The Department of Environmental Conservation (DEC) would determine how many allowances each company needs, establish a limit on the number of allowances sold in a year and place a ceiling on the price of those allowances. As the state approaches its 2030 emissions reduction goal (about 34 percent below 2021 levels), the number of allowances would shrink and the ceiling would rise.

Last week officials from NYSERDA, the state energy agency, presented a preliminary analysis showing how the program could look when it’s launched next year. While they emphasized the price levels were hypothetical, all three scenarios (see below) called for the price ceiling to more than double at the beginning of 2027. By comparison, price ceilings increase 5 to 6 percent in each of the other years.

Put another way:

Under the “modeling exercise,” NYCI would add at least 13 to 21 cents to the cost of a gallon of gasoline in 2026—and 22 to 48 cents in 2027. The total cost in 2025 (in the hypothetical scenarios, in 2022 dollars) would range from $3.1 billion to $5 billion, rising to $5.6 billion to $11.9 billion in 2030. At least 30 percent of NYCI proceeds would be rebated back to at least some New Yorkers (possibly as a refundable tax credit). NYSERDA has indicated a significant portion of households will break even or come out ahead.

These are preliminary numbers, but the fact that the 2026-2027 jump was the basis for all three scenarios is a strong indicator this will be a feature of the program when it’s rolled out later this year.

This wouldn’t be the first time New York climate policy was molded with Election Day in mind.

As the Climate Act was being finalized in June 2019, a costly provision—requiring the state to get 38 percent of its electricity from renewables by 2022—was dropped.
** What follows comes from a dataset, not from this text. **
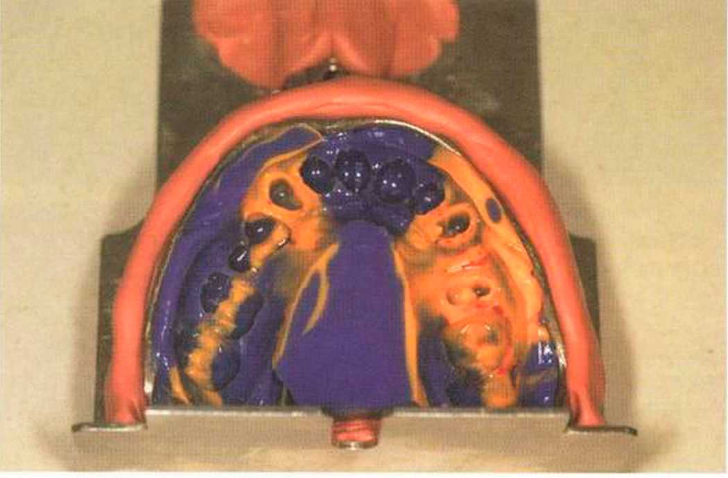 Подготовка к изготовлению моделей по системе Zeiser-Modell требует особого внимания, так как правильное расположение оттиска на этом этапе в дальнейшем определяет точность расположения пинов в плате. Оттискный материал не должен выходить за края ложки (или его нужно срезать), нельзя, чтобы он был продавлен, потому что эти «деформации» отрицательно влияют на точность оттиска. Это особенно важно для гидроколлоидных оттисков, но это должно быть правилом при использовании всех остальных видов оттисков. Тогда результатом является точная работа.

To put that in perspective, New York only reached 30 percent renewables in 2022 (a target previously set for 2015), and forcing utilities to pay subsidies equivalent to 8 percent of load would have pushed electricity rates considerably higher in 2022 when Governor Andrew Cuomo expected to be seeking a fourth term.

Meanwhile, the announcement of detailed regulations (such as bans on gas stoves and oil furnaces) was moved from June 2022 in the original version to December 2022 in the final text, putting it weeks after the 2022 gubernatorial election.

It’s difficult to square the apocalyptic rhetoric from state officials about the threat posed by climate change with New York again moving climate-policy timelines to mitigate electoral blowback. As a political move, however, given that the state is deliberately aiming to make things cost too much for people to keep using them, doing it after an election makes perfect sense.